Regenerative medicine involves repairing or replacing damaged tissues and organs by leveraging the body’s own healing processes. DRIVE-RM specifically focuses on material-driven regeneration, using intelligent, lifelike, or even living materials that can prompt the human body to generate new tissue. This approach could radically change the treatment of chronic diseases such as kidney failure, heart failure, and worn joints in the future.

Verhaar commented: “Over the past 20 years, we have established strong collaborative efforts in regenerative medicine in the Netherlands with several large, innovative, and successful projects like the MDR Gravitation consortium. The SUMMIT grant is a wonderful recognition of this work and underscores the importance of regenerative medicine as a leading field in the Netherlands.”

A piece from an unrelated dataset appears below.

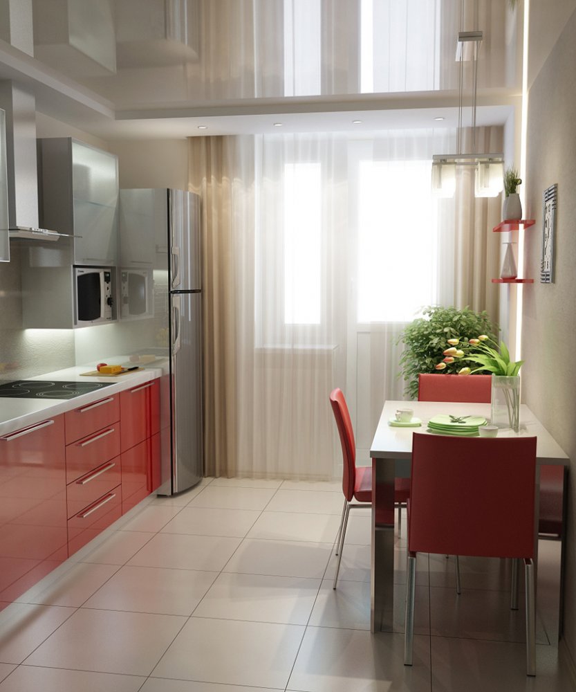 Лёгкие гардины в интерьере кухни с балконной дверью

The involved institutes have been collaborating for some time, resulting in valuable innovations. One example is a synthetic, biodegradable blood vessel that aids the body in regenerating blood vessels.

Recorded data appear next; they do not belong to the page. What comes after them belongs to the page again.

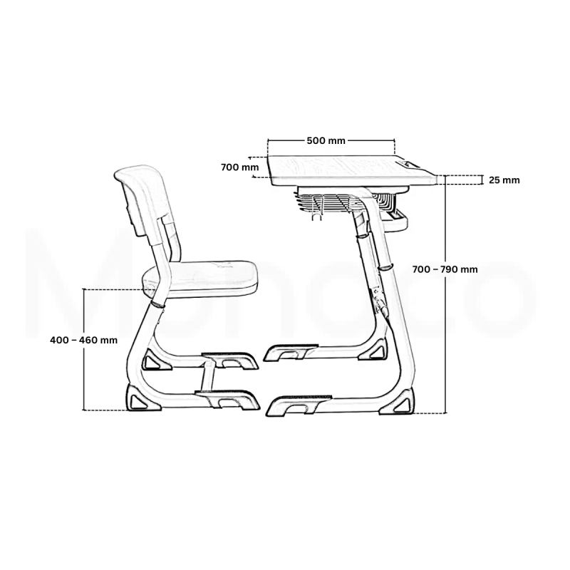 - Стол: метална основа с електростатично прахово боядисване (ESPC) в тъмно сив цвят (графит), регулируем в диапазон 400 - 460 mm.
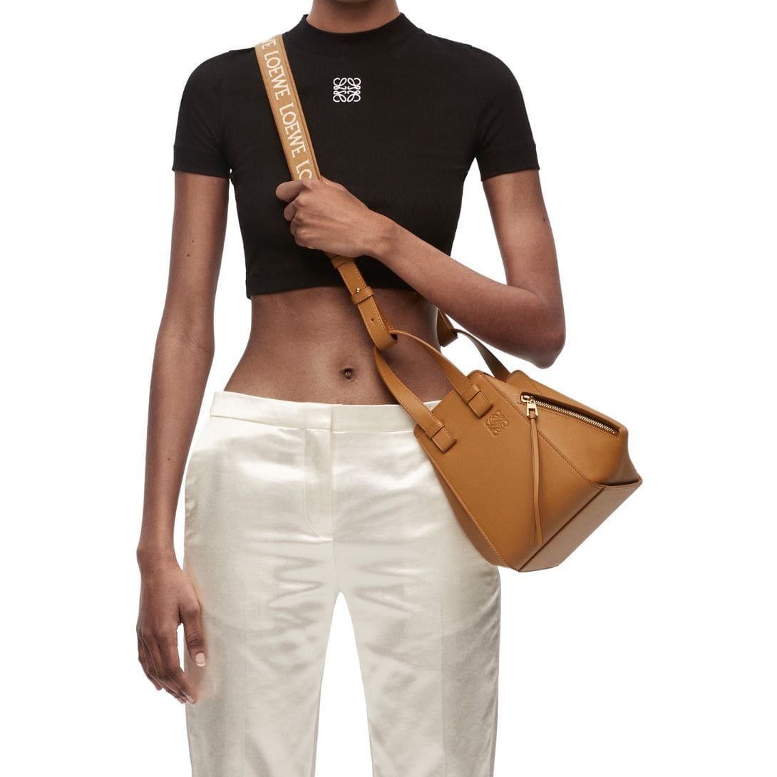 The sleek design of the Hammock Compact Bag is further accentuated by LOEWE’s impeccable craftsmanship. The satin calf leather exterior is complemented by precise stitching and high-quality hardware, reflecting the brand’s commitment to superior design and construction. Inside, the bag features well-organized compartments, ensuring your belongings are kept neatly and securely.
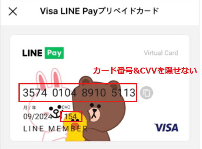 しかしVISA LINE PAYプリペイドカードはバーチャルカードであるため、スマートフォンでスクリーンショットを撮影して提出する必要があります。

“With the consortium, we developed a blood vessel made of a degradable material that is gradually replaced by the body’s own tissue,” said Verhaar. “It can function immediately as a blood vessel and does not lose functionality as the body takes over. This innovation beautifully combines biology and technology. Now, we will see if it also works well in patients.”

DRIVE-RM is led by five outstanding scientists, all experienced in leading innovative research projects. In addition to Marianne Verhaar, who focuses on kidney and vascular regeneration, the team contains Carlijn Bouten (TU/e, cardiovascular regeneration and tissue technology), Jos Malda (Utrecht University and UMC Utrecht, biofabrication and bone/cartilage regeneration), Jeroen Bakkers (Hubrecht Institute and UMC Utrecht, regenerative biology and heart regeneration), and Clemens van Blitterswijk (Maastricht University, tissue technology and biomaterials).

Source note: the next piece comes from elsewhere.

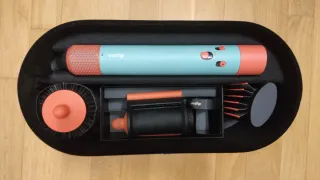 Set de secador y accesorios para el Dyson Airwrap. - Incluye cuerpo principal y varios cabezales para diferentes estilos de peinado. - Diseñado para el cuidado del cabello. - Incluye estuche para guardarlo - Tonos naranja y turquesa. - Comprado en marzo 2025 - Usado 3 veces

The DRIVE-RM project takes a multidisciplinary approach, integrating for example Utrecht innovations such as organoids and 4D bioprinting with the technical and material expertise of TU/e and Maastricht University. This leads to new insights in directing repair processes from the level of individual cells to whole organs. These combinations are essential for customising treatments tailored to individual patients and their specific conditions.

A new approach is needed

The number of people with chronic diseases is increasing significantly, mainly due to aging populations. This leads to human suffering and high healthcare costs.

“Regenerative medicine offers a promising opportunity to effectively treat chronic conditions by encouraging the body to heal itself,” continued Verhaar.

“Our scientists aim to fully understand the repair processes of tissues and organs in the patient and then direct this with implantable smart materials.”

The DRIVE-RM consortium focuses on developing new treatments for heart failure, kidney failure, and disorders of bones, cartilage, and joints.

“Besides advancing scientific research and technological innovation, DRIVE-RM also provides a platform for collaboration with clinicians to make the translation to clinical practice,” added Verhaar, “and with ethicists to address ethical issues surrounding regenerative therapies.”

Together with the involved Health Technology Assessment experts, this provides a framework that ensures these advanced interventions remain affordable and accessible.

Enabling future generations of scientists

The DRIVE-RM consortium places great emphasis on maintaining a healthy, inclusive, and diverse research culture and training the next generation—a key goal of the SUMMIT program. Therefore, the team explicitly includes emerging talents who will continue to strengthen Dutch research in regenerative medicine.

Verhaar concludes, “Ultimately, DRIVE-RM is more than just a research initiative; it is a vision for the future of healthcare. A future in which chronic diseases can truly be cured. By collaborating with leading academic institutions, DRIVE-RM aims to make these visionary treatments a reality.”